_Data_:
________________

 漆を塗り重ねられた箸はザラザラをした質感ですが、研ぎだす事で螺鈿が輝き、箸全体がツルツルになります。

________________

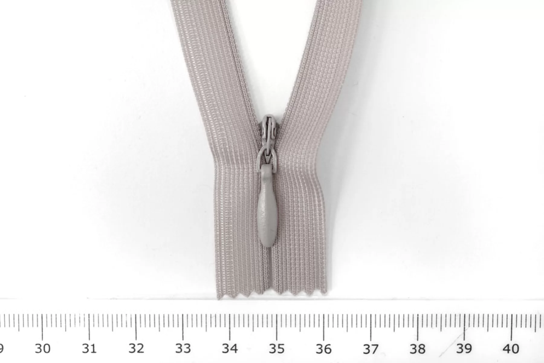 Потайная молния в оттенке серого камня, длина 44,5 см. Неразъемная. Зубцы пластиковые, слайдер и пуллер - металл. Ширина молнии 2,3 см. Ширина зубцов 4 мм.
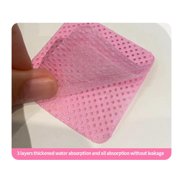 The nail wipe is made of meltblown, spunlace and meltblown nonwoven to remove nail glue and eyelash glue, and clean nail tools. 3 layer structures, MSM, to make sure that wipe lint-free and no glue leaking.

________________

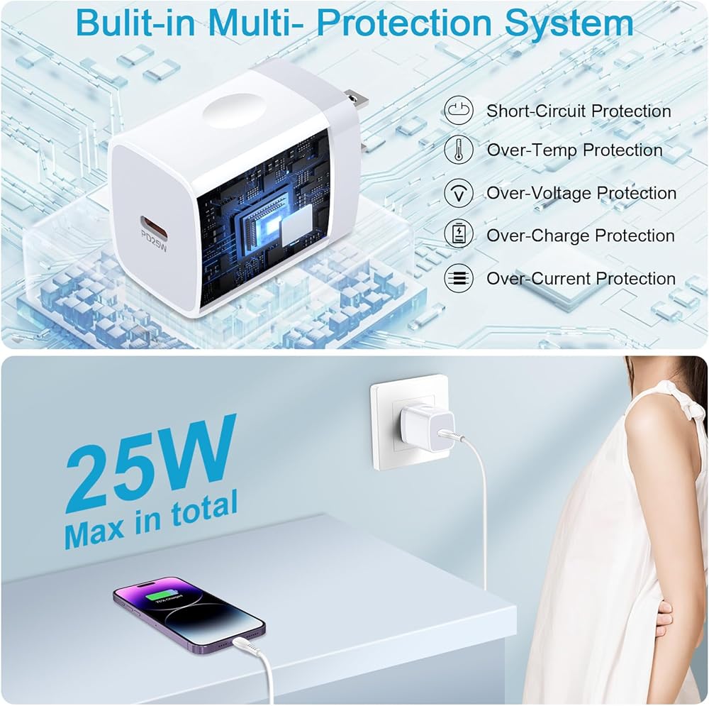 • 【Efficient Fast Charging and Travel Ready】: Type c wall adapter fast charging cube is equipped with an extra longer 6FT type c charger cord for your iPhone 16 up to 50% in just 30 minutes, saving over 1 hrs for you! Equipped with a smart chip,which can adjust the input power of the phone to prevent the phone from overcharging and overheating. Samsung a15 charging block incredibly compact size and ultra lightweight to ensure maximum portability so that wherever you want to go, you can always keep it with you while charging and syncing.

________________

_What to produce_: Those lines of the records above that run from the one containing "Потайная молния в" through the one containing "The nail wipe" should be returned exactly, with no pictures among them.

_Output of the task_:
 Потайная молния в оттенке серого камня, длина 44,5 см. Неразъемная. Зубцы пластиковые, слайдер и пуллер - металл. Ширина молнии 2,3 см. Ширина зубцов 4 мм.
 The nail wipe is made of meltblown, spunlace and meltblown nonwoven to remove nail glue and eyelash glue, and clean nail tools. 3 layer structures, MSM, to make sure that wipe lint-free and no glue leaking.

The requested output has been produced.